Windows 11 has a built-in VPN client that lets you connect to a work VPN, a home server, or a third-party VPN service without installing any additional software. This guide covers how to set up a VPN connection manually, how to connect and disconnect, and how to configure split tunnelling and DNS settings for work use.
What Type of VPN Do You Need?
Before setting up, check which protocol your VPN uses. Windows 11 supports:
- IKEv2 — fast, stable, reconnects automatically. Recommended for business use.
- L2TP/IPsec — widely compatible, slightly slower. Common on older business VPNs.
- SSTP — uses HTTPS port 443, works through most firewalls
- PPTP — old and insecure. Avoid if possible.
- OpenVPN / WireGuard — not built into Windows. Require their own client apps.
If your workplace uses Cisco AnyConnect, Palo Alto GlobalProtect, or a similar enterprise VPN, you will need the vendor’s app — not the built-in Windows VPN. Contact your IT department for the installer.
For third-party consumer VPN services (NordVPN, ProtonVPN etc.), use their own apps rather than the built-in client — they offer more features and are easier to manage.
How to Add a VPN Connection
- Go to Settings → Network & internet → VPN
- Click Add VPN
- Fill in the connection details:
- VPN provider: Windows (built-in)
- Connection name: A name you choose (e.g. “Office VPN”)
- Server name or address: The VPN server address provided by your IT team (e.g. vpn.company.co.uk or an IP address)
- VPN type: Select the protocol (IKEv2, L2TP/IPsec, SSTP, or PPTP). If unsure, try IKEv2 first.
- Type of sign-in info: Username and password is the most common
- Username and password: Enter your credentials (these can also be entered at connection time)
- Click Save
How to Connect and Disconnect
Once added, there are several ways to connect:
- Taskbar: Click the network icon in the system tray → click the VPN entry → click Connect
- Settings: Go to Settings → Network & internet → VPN → click your VPN → Connect
- Quick Settings: Press Win + A to open Quick Settings — if VPN is pinned here, you can toggle it
To disconnect, click Disconnect in the same location.

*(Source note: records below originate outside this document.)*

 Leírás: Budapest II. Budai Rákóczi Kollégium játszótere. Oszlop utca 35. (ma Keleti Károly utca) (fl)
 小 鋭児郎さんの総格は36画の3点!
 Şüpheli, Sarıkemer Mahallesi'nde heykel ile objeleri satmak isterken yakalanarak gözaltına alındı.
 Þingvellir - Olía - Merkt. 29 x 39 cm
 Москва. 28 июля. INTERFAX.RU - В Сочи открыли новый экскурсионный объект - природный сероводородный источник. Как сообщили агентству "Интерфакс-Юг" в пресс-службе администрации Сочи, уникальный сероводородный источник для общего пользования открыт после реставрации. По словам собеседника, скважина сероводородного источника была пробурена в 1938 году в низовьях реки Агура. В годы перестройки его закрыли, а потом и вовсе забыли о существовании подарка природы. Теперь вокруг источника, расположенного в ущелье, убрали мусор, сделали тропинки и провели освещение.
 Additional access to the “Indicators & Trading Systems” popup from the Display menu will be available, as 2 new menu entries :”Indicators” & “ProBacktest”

L2TP/IPsec — Additional Settings
L2TP/IPsec often requires a pre-shared key (also called a shared secret). To add this:
- Go to Settings → Network & internet → VPN
- Click your VPN connection → Advanced options
- Click Edit
- Enter the pre-shared key in the Pre-shared key field
How to Configure VPN DNS Settings
For work VPNs, you may need to configure DNS to resolve internal company hostnames (like fileserver.company.local) through the VPN tunnel.

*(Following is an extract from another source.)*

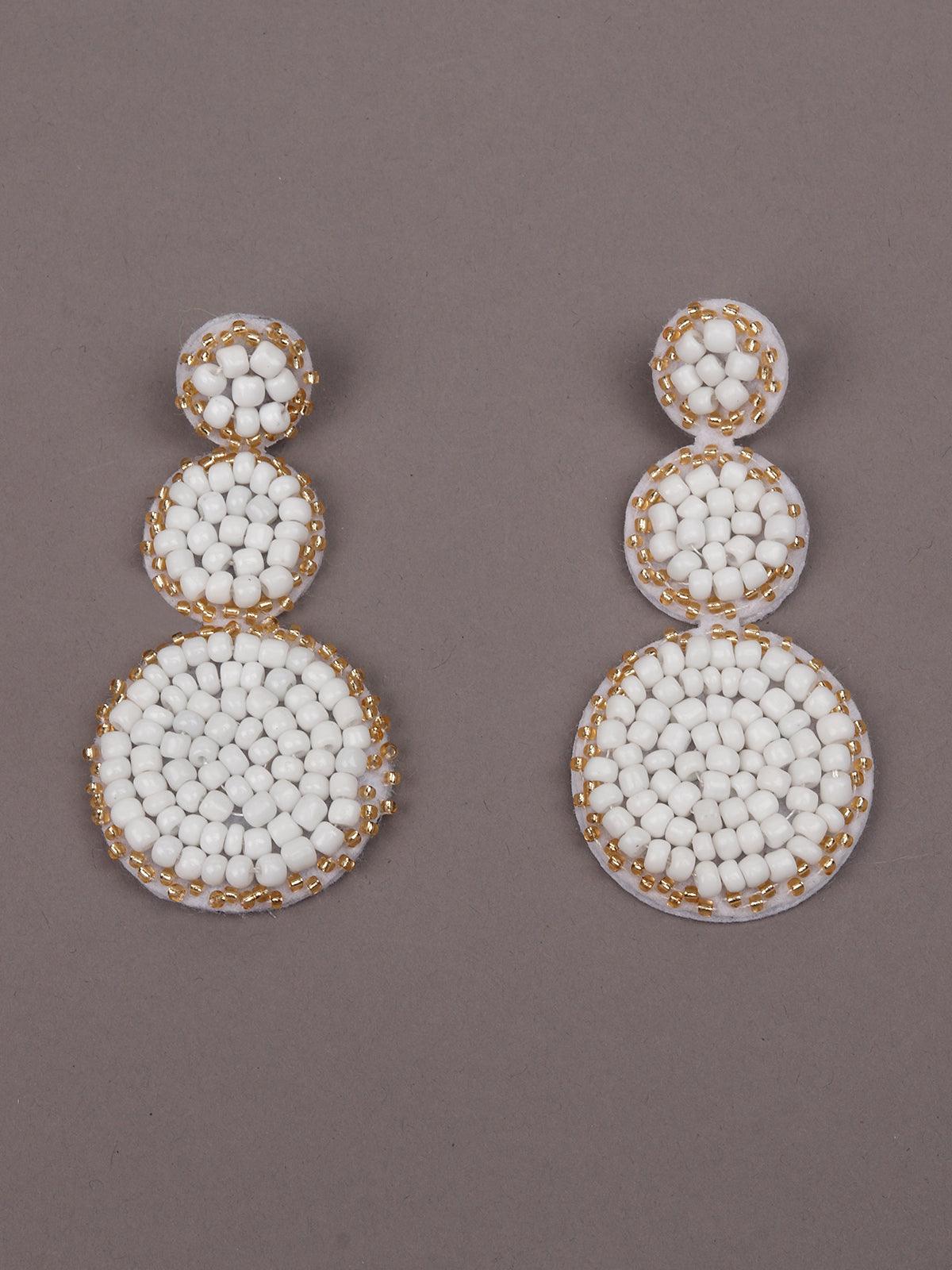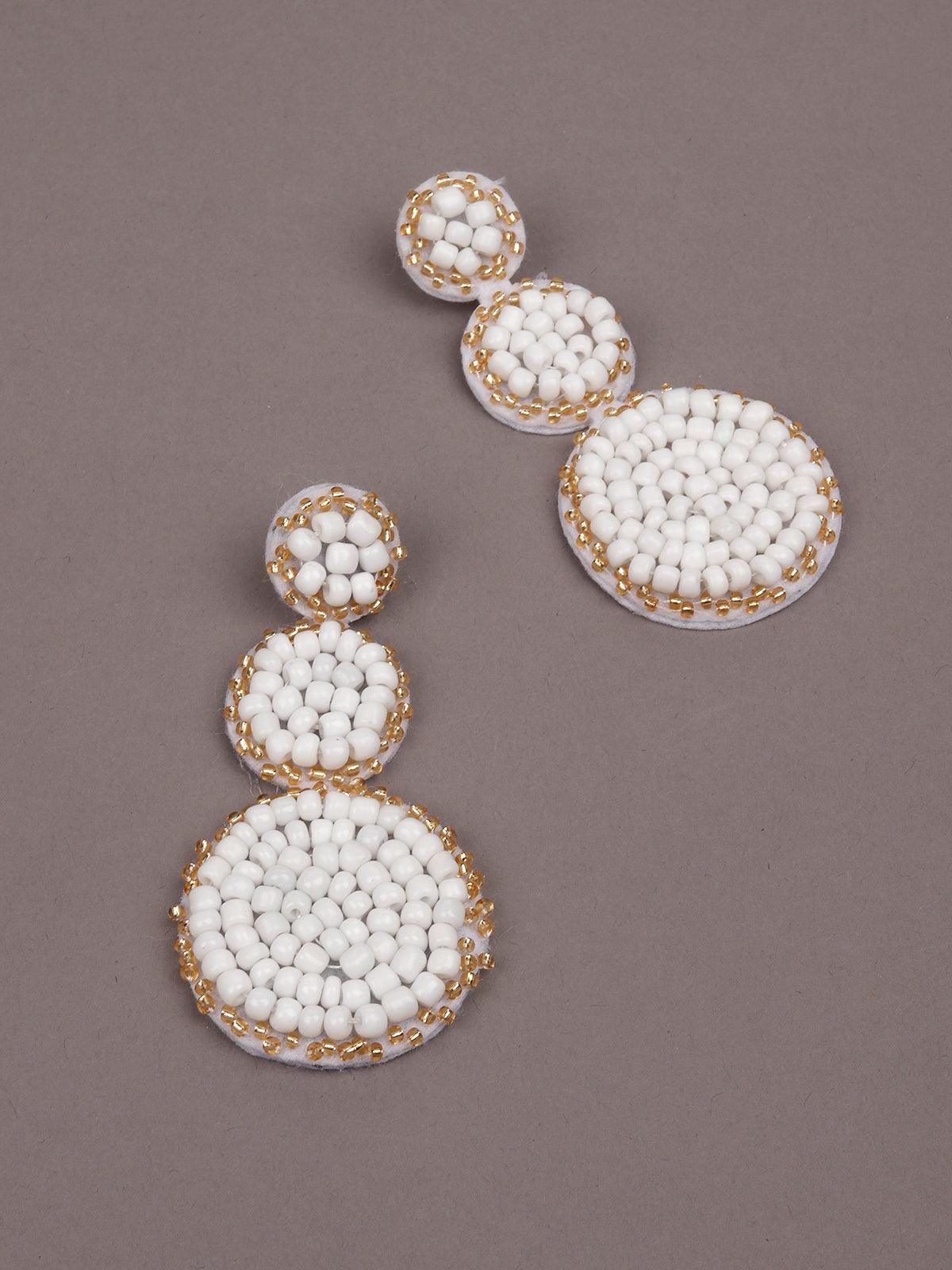 - These elegant dangler earrings feature three circles, each soldered onto the danglers covered with white and gold beads border.

Open the Network Connections panel: press Win + R, type ncpa.cpl, press Enter. Right-click your VPN adapter → Properties → Internet Protocol Version 4 (TCP/IPv4) → Properties → Advanced → DNS. Add your company’s DNS server IP addresses here.
Split Tunnelling
By default, when you connect to a VPN, all internet traffic goes through the VPN tunnel — including browsing, streaming, and everything else. This is called full tunnel mode and can slow down your connection.
Split tunnelling sends only traffic destined for the corporate network through the VPN, while normal internet traffic uses your direct connection. The Windows built-in VPN client does not have a simple toggle for this — it requires a PowerShell command to disable the default gateway on the VPN adapter:
Set-VpnConnection -Name "Office VPN" -SplitTunneling $TrueRun this in PowerShell as Administrator, replacing “Office VPN” with your connection name. To revert to full tunnel:
Set-VpnConnection -Name "Office VPN" -SplitTunneling $FalseHow to Set a VPN to Connect Automatically
Windows 11 does not have a built-in always-on toggle for VPN in the GUI, but you can configure IKEv2 VPNs to reconnect automatically after being interrupted using PowerShell:
Set-VpnConnection -Name "Office VPN" -RememberCredential $TrueFor true always-on VPN (connecting before user login), this requires configuration via Group Policy and is typically managed by an IT administrator.
Troubleshooting
Error 691 — Authentication Failed
The username or password is incorrect. Double-check the credentials and ensure you are using the right account — domain accounts usually require the format DOMAIN\username.
Error 809 — Cannot Establish the VPN Connection
The VPN server is unreachable or blocked. Check:
- The server address is correct
- UDP port 500 and 4500 are not blocked by your firewall (for IKEv2)
- Your internet connection is working
- Try SSTP instead of IKEv2 — it uses port 443 and is rarely blocked
Error 789 — L2TP Connection Failed
Usually a pre-shared key mismatch or missing IPsec policy. Confirm the pre-shared key with your IT team. Also check that the IPsec Policy Agent service is running: open Services (search in Start), find IPsec Policy Agent and ensure it is set to Automatic and running.
Connected but Cannot Access Internal Resources
DNS is not resolving internal hostnames. Add your company DNS server address to the VPN adapter’s DNS settings (see the DNS configuration section above).